To quantify the impact of vegetation–atmosphere coupling on the regional hydrological cycle, we conducted idealized climate model experiments. The model used in this study is the SLIM69 which couples to the CESM82 in place of the CLM583. The SLIM allows us to perturb a single surface property while holding the rest of the land surface properties fixed. As such, this idealized approach to land surface modeling has been utilized to quantify how changes in specific aspects of the land surface impact atmospheric circulation and surface climate response69,84,85. The SLIM is coupled to the CAM5 with an interactive SOM70 and the CICE571. These coupled simulations allow for atmospheric feedbacks related to the land-atmosphere coupling that plays a vital role in defining temperature responses to albedo changes over the mid-to-high latitudes69. The SOM configuration also enables atmospheric signals to propagate farther than a fixed surface boundary condition, which is important for allowing shifts in large-scale atmospheric circulation and precipitation response driven by changes in land surface properties86,87,88. Thus, this idealized modeling framework is a suitable tool for understanding atmospheric responses to changes in land surface properties due to vegetation–atmosphere coupling processes.

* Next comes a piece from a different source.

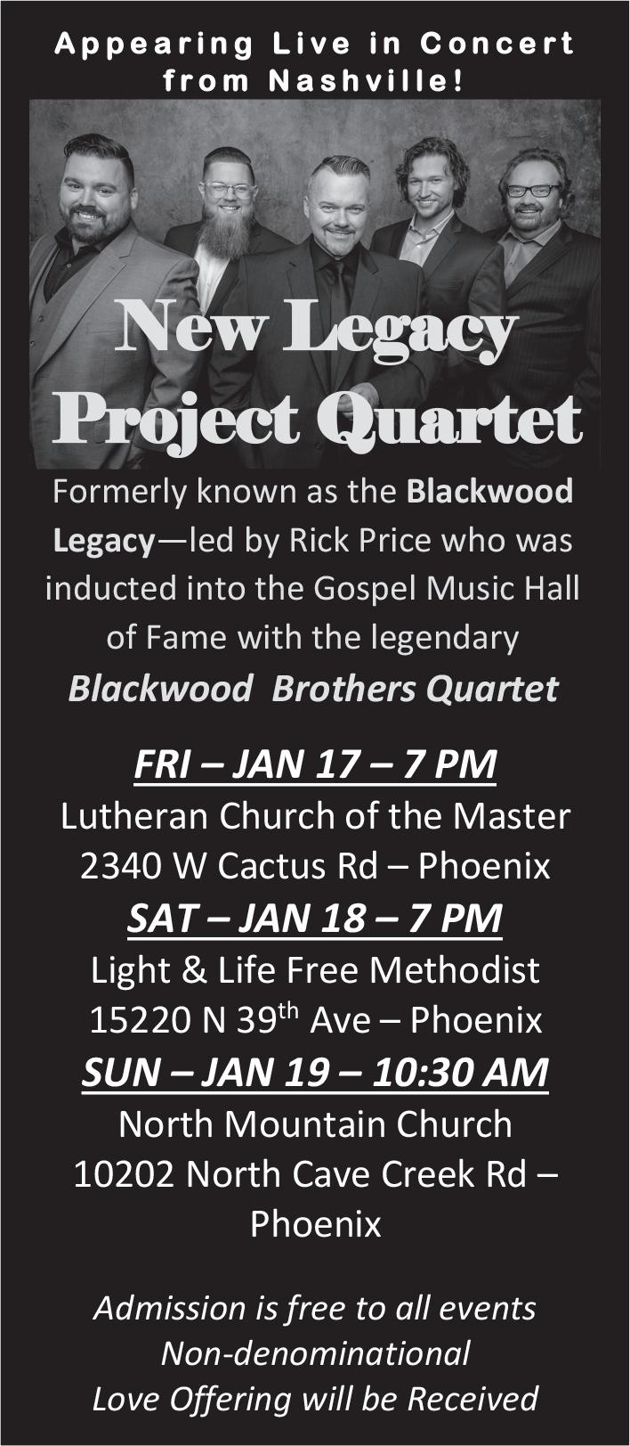Church at Litchfield Park, 300 N Old Litchfield Rd, Litchfiel d Park, AZ 85340. Burial will be 10:30 am, Tuesday January 21 , 2020 at the National Memorial Cemetery of Arizona, 23029 N Cave Creek Rd, Phoenix, AZ 85024

We designed our two experiments by modifying the snow-free land albedo over non-glaciated regions as follows: We specified albedo values for four solar radiation streams, direct visible, direct near-infrared, diffuse visible, and diffuse near-infrared light. The control experiment (CTL_Exp) was prescribed with monthly climatological background land albedo for these four radiation streams from ERA5 reanalysis dataset76. In the albedo perturbation experiment (Albedo_Exp), we imposed decreases in land albedo for direct and diffuse visible shortwave radiation spectra only, which is directly involved in the vegetation albedo processes89, over NH high latitudes where the albedo linear trend is statistically significantly reduced during May-to-June in the reanalysis dataset (Supplementary Figs. 3, 5). We conducted the Albedo_Exp in which the albedo for direct and diffuse visible shortwave radiation has been decreased by multiplying it by 0.5. The CTL_Exp and Albedo_Exp were integrated for 50 years with a fixed CO2 concentration of 367 ppm. We discarded output data from the first 30 years as spin-up and used the last 20 years for analysis in which the atmospheric variables simulated in experiments are stabilized in terms of global mean surface temperature (Supplementary Fig. 6). It should be noted that the results when we used the last 40, 30, and 10 years for analysis are almost identical.